About 1280 the line of Freskin ended in three
heiresses, one of whom, Helen, married Sir Reginald le Chen, and so brought Duffus, or at
least that part of the barony which contained the castle, to her husband. Within the
castle, in September and October, 1290, the English commissioners sent by Edward I to
receive the hapless Maid of Norway on her landing at Kirkwall, found
shelter both on their northward journey and on their dolorous return. In 1297 the great
revolt against English domination broke out in Moray. Sir Reginald le Chen remained true
to his Plantagenet overlord. Three times his broad acres were harried and given to the
flames and in 1305 he received from Edward I a grant of 200 oaks from the royal forests of
Darnaway and Longmorn 'to build his manor of Dufhous'.
From this we may infer that the timber superstructure
of Freskin's castle had been burned during those wild days. To judge by their
architectural characteristics the stone tower and curtain wall were erected about this
time; they closely resemble other buildings in Scotland which can be assigned to English
occupation. Soon after 1350 the last Cheyne lord of Duffus died, leaving an heiress, Mary,
who brought the barony to her husband, Nicholas, a son of the fourth Earl of Sutherland,
and thus a descendant of the original house of Freskin. The castle remained in the hands
of the Sutherlands of Duffus until it was sold in 1705 to Sir Archibald Dunbar, ancestor
of the present owner. In 1650 they were raised to the peerage under the style of Lord
Duffus but the title became extinct in 1875.
During the Douglas rebellion of 1452 the castle of
Duffus was plundered and wrecked by the Earl of Moray's retainers sweeping east from
Darnaway. Probably to this catastrophe we should ascribe the traces of fire still visible
in the keep: to the restoration that followed will have been due the existing range of
domestic buildings on the north side of the bailey.
The first Lord Duffus was a Covenanter and in
February, 1645, his lands were 'plunderit, bot not burnt' by the Royalists under Montrose.
The castle does not seem to have suffered on this occasion.
In April, 1689, it was visited by Claverhouse during
his lightning campaign that ended at Killiecrankie. Kenneth, third Lord Duffus, was
forfeited for his adherence to the Jacobite cause in 17I5 but the line was later restored.
The castle seems to have been deserted when James, second Lord Duffus (1674-1705), built
Duffus House, and no doubt its materials, particularly those of the domestic range, were
freely used in its successor. In 1926 Sir Edward Dunbar handed over the custody of the
castle to the then Commissioners of His Majesty's Works, by whom the site was excavated
and the ruins and earthworks placed in a condition of repair.
DESCRIPTION
The grand Norman mound of Duffus Castle rises from
the 'laich o'Moray', as has been finely said, 'like a boss on a buckler'. We approach it from the farm of Old Duffus and
find our progress stopped by the wide outer ditch, enclosing about eight acres (3.2
hectares).
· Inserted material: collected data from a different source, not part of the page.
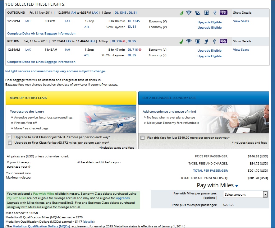 Oh I really like this one a bunch and a big HT for the tweet from Avion Addiction for the heads up. There are many ways. You can do this an overnight stay or a redeye. You can do this after work Friday and not miss work. You can do this one back to back days and crush it with a positioning flight to IAH and do back-to-back runs. Plus it is cheap! Keep in mind SUB 4CPM for MQMs puts this in my book as a SOLID Skymiles2015 run! Here are the numbers:
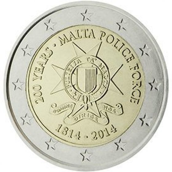 Θέμα: 200 χρόνια από την ίδρυση της Αστυνομίας της Μάλτας Ποσότητα: 300.000 κέρματα Περιγραφή: Το κέρμα είναι αφιερωμένο στα 200 χρόνια από την ίδρυση της Αστυνομίας της Μάλτας με τη διακήρυξη XXII του 1814. Η Αστυνομία της Μάλτας είναι, συνεπώς, από τις αρχαιότερες στην Ευρώπη. Στο κέρμα απεικονίζεται το έμβλημα της Αστυνομίας της Μάλτας με την επιγραφή «200 Years Malta Police Force» και τα έτη «1814-2014». Στην περίμετρο του κέρματος απεικονίζονται τα δώδεκα αστέρια της Ευρωπαϊκής Ένωσης. Ημερομηνία έκδοσης: Ιούλιος 2014
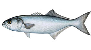 Bluefish are a migratory fish that live in the Atlantic Ocean from Nova Scotia to Florida. Bluefish get their name from the bright blueish tint found on the sides of their body. Bluefish migrate north as the ocean water temperature increases and are abundant off New York shores from May through November.
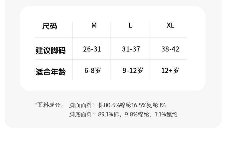 • 9-12세 (권장 발 길이 20-22CM, 신발 사이즈 31-37) 뼈가 없고 자극적이지 않음
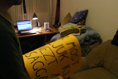 Tegnap este fél hétkor kb 40 melegjogi aktivista (és két angyal, az ő idétlenkedésüktől elhatárolódom, kérem szépen) énekelt meg ehhez hasonló dolgokat csinált az AB épülete előtt. Eredetileg a regikapcsi feletti öröm lett volna az apropója a kis összejövetelnek, de a Történelem (hehe) közbeszólt. Szerintem adekvátabb lett volna az országház előtt tüntizni, fel is vetettem az ötletet, de a kiérkező közegek szerint ez területfoglalási engedély hiányában a hatósági föllépés veszélyét rejti magában. Itt is látszik, hogy sok tekintetben különbözik a tüntetéskultúránk: nekem eszembe sem jutna rendőrtől engedélyt kérni bármihez is. Egyik transzparensünk az AB elé készült: „Köszi, mi úgyis házasságot akarunk” – a másikat („Most próbáljuk ki ugyanezt a házassággal”) a parlament előtt hordoztuk körbe egy kis gerillaakció keretében, mely önnön perverz és önkínzó humorunk kielégítésén kívül persze semmi egyebet nem szolgált. Előtte hasonló indíttatásban írtunk kedves gyerekbetűkkel a levelet a BRFK-nak, melyben bejelentettük, hogy föl vagyunk háborodva és ezennel tessék tudomásul venni, hogy most tüntetni fogunk.
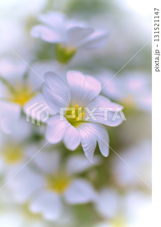 初夏のイメージ 白い5枚の花弁を持つ可憐な白耳菜草(シロミミナグサ)のクローズアップ
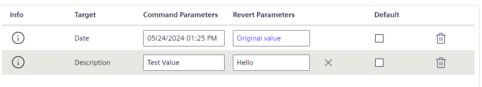 - The Command Parameters and Revert Parameters column become available if the commands of this tasks have parameter values that can be overridden:
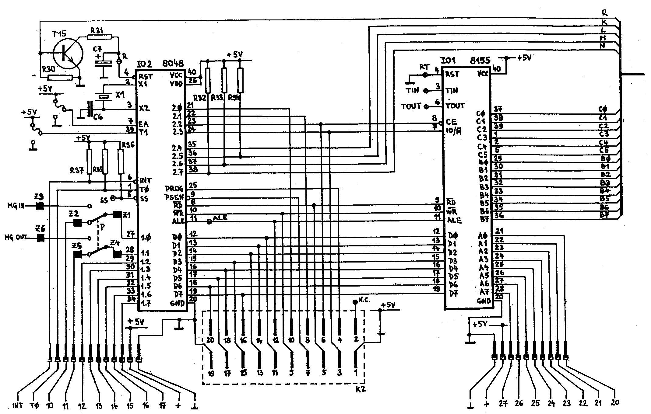 Pro připojení do vnějšího prostředí - obvykle do řízeného objektu - má mikropočítač PETR vyčleněno 18 vstupních/výstupních linek. Základní instrukce mikropočítače přitom umožňují tyto linky přímo ovládat a vyhodnocovat, což velmi usnadňuje vytváření řídicích programů. 16 linek je sdruženo do dvou osmibitových bran P1,P2 (Ports), z nichž brána P1 je obousměrná a brána P2 pouze výstupní. Instrukce umožňují pracovat buď s celou bránou najednou, nebo s jednotlivými linkami. Zbylé dvě linky T0 (Test Pin) a INT (Interrupt) maji zvláštní význam. Linka T0 je pouze vstupní, její stav je testovatelný instrukcí podmíněného skoku, linka INT je rovněž vstupní, má význam žádosti o přerušeni.
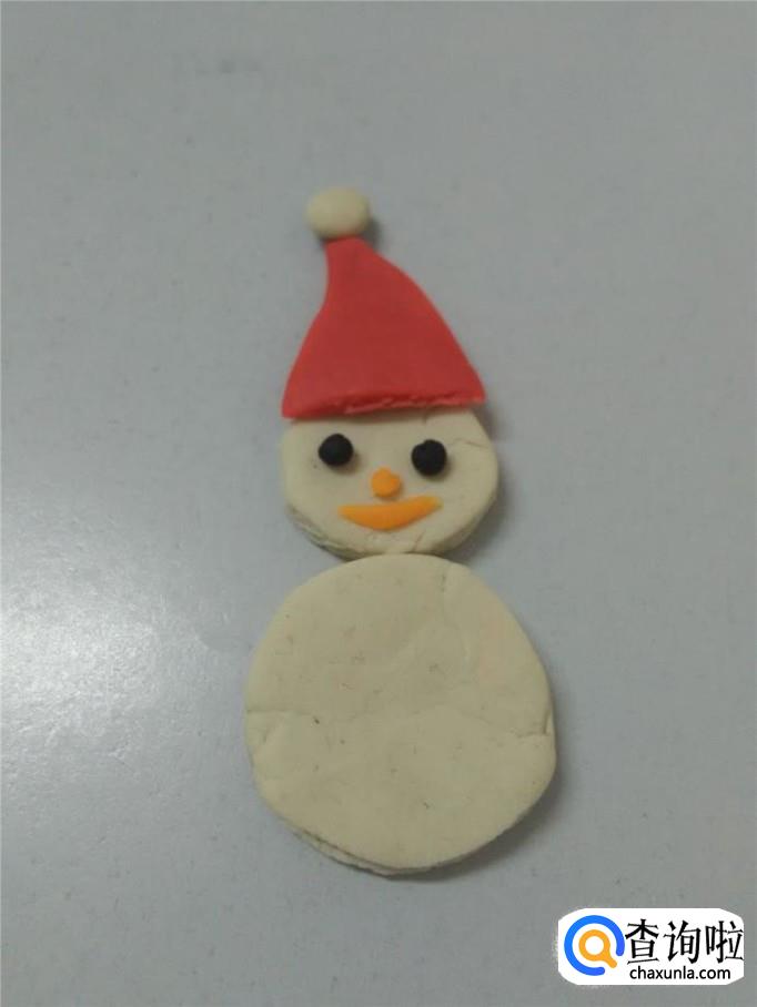用白色再捏一个大一些的圆形,粘在雪人的头部下方,当作雪人的身体。
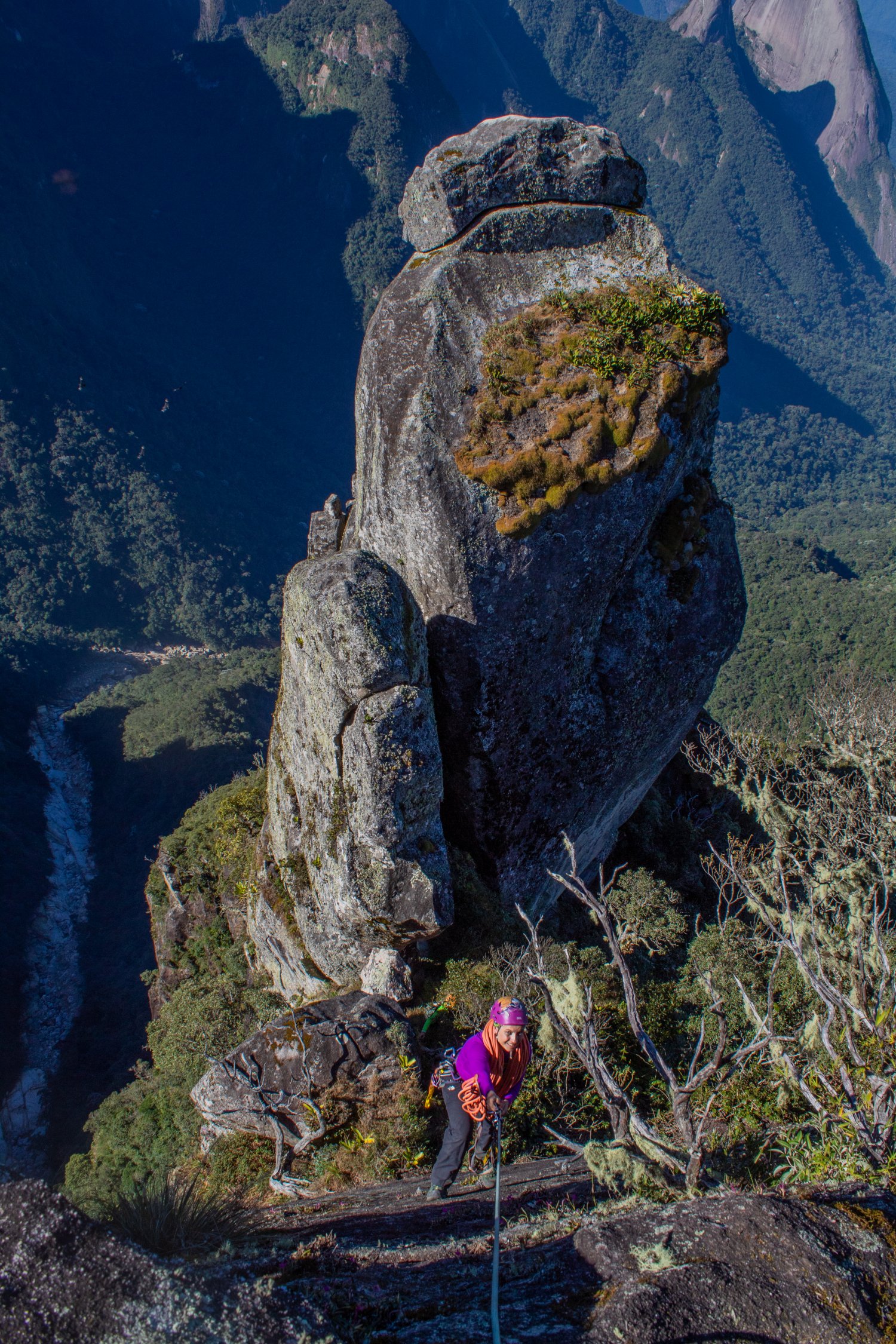 Descemos de rapel para o colo entre as Coroas Central e Principal e Luiz guiou a Coroa Central jogando duas cordas fixas para baixo. Diogo e Fernanda foram os primeiros a subir, sendo a Fernanda a primeira mulher a pisar no cume da Coroa Central. Depois subiu o Renan e por último, depois de pensar bastante, o Rafael. Nos tornamos ali os primeiros cebenses a realizar este feito.
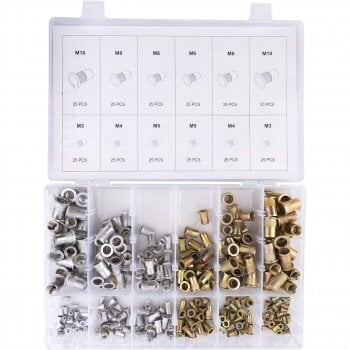 Rivet nuts make it possible to screw a screw with a metric thread into a sheet or other materials, where it is not possible to make a thread. Includes Steel: M3- 25 PCS, M4-25 PCS, M5- 25 PCS, M6- 25 PCS, M8-25 PCS, M10-25 PCS Aluminum: M3- 25 PCS, M4-25 PCS, M5- 25 PCS, M6- 25 PCS, M8-25 PCS, M10-25 pcs
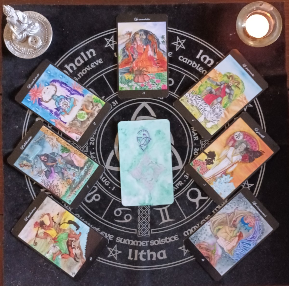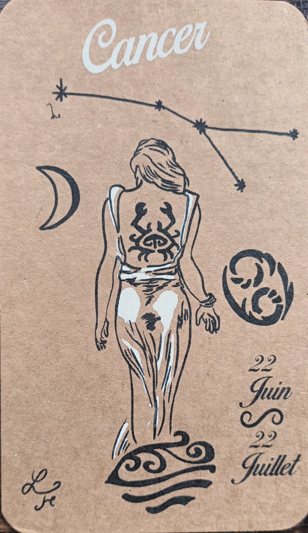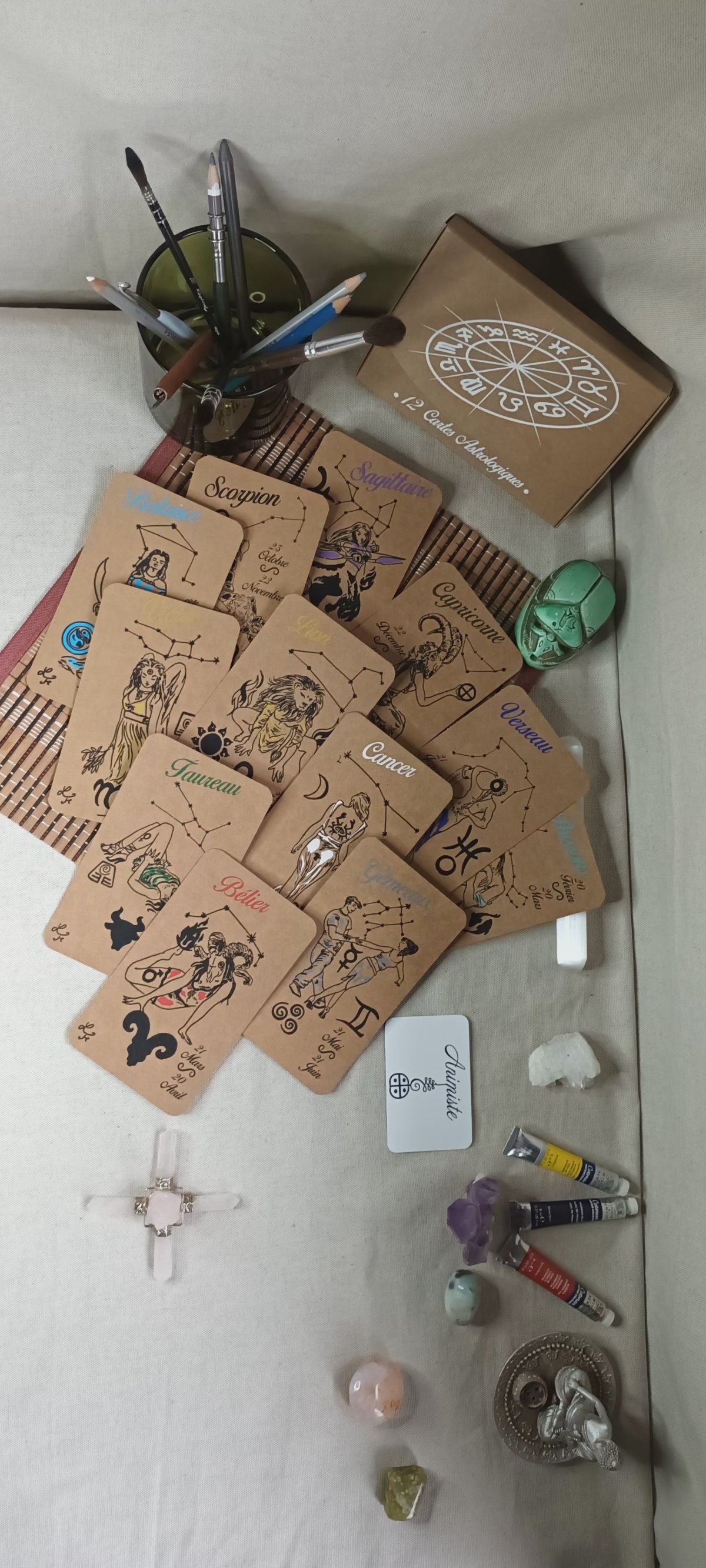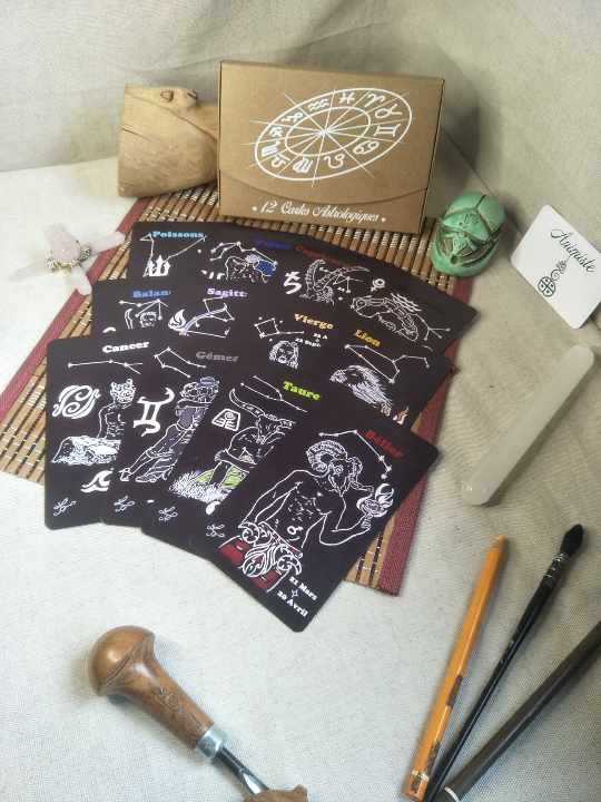 Le Tarot Etherestre est composé des 22 Lames Majeures, sur la base du Raider Waite Tarot. Les illustrations sont à l'aquarelle, le livret explicatif est manuscrit.
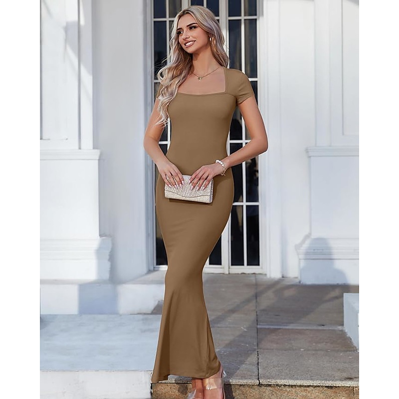Women's Short Sleeve Square Neck Threaded Slim Fishtail Long Dresses
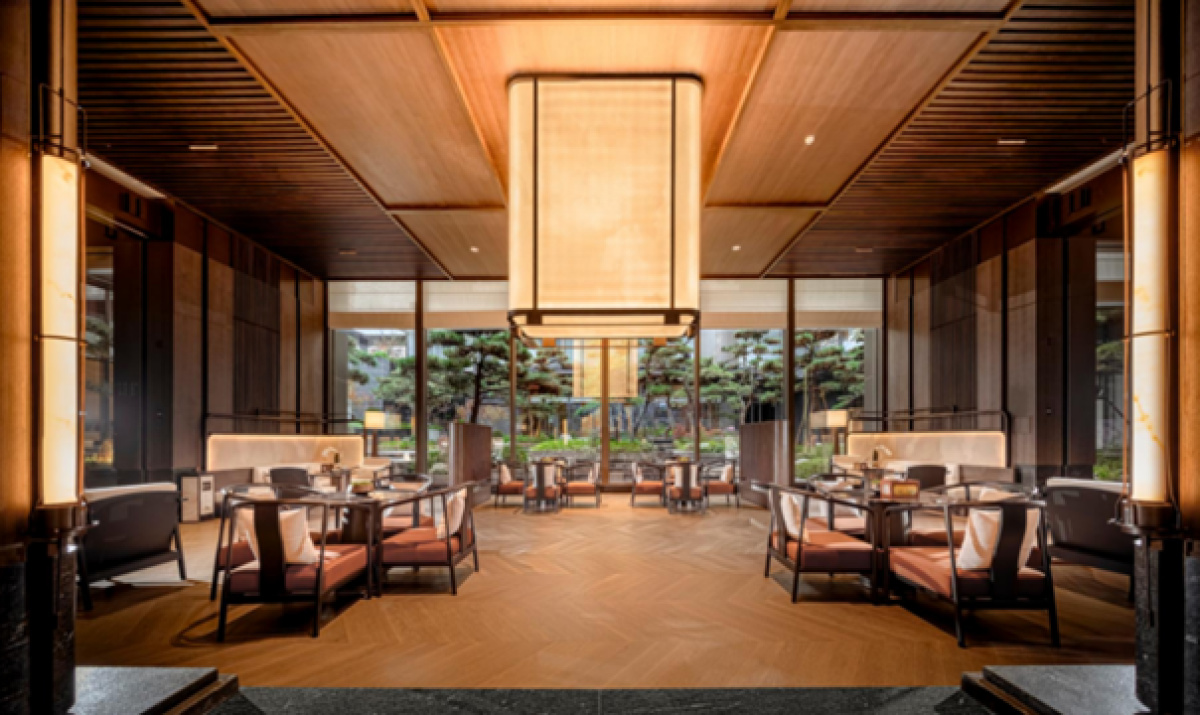 摒弃直线的硬朗,以弧形勾勒温柔风骨。会所的门庭柱体、庭院石阶、室内线条,皆以弧形为主旋律,石材与弧形工艺的精妙融合,再辅以精心打磨的弧形倒角,于细微处尽显宋风的温润典雅,让建筑自带“如玉在侧”的悦目质感。

This ditch, referred to in old writings as the 'great stank', must not be
construed in terms of defence. It is merely a precinct enclosure, marking off the lord's
demesne in the same way as the boundary wall that encloses the grounds of a modern
country-house.
The ditch has been cleaned out and filled with water
by the Department of the Environment. Turning to the left along it, we cross the ditch by
a stone bridge and ascend the bank of the
Norman bailey by a cobbled causeway, passing on the right a ruined building, probably a
stable. In the course of our approach, it will have been noticed that a considerable part
of the heavy stone keep, built on the forced soil of the Norman motte, has broken off and
slipped bodily down the slope and that large portions of the curtain wall round the bailey
have similarly tilted forward or slid down.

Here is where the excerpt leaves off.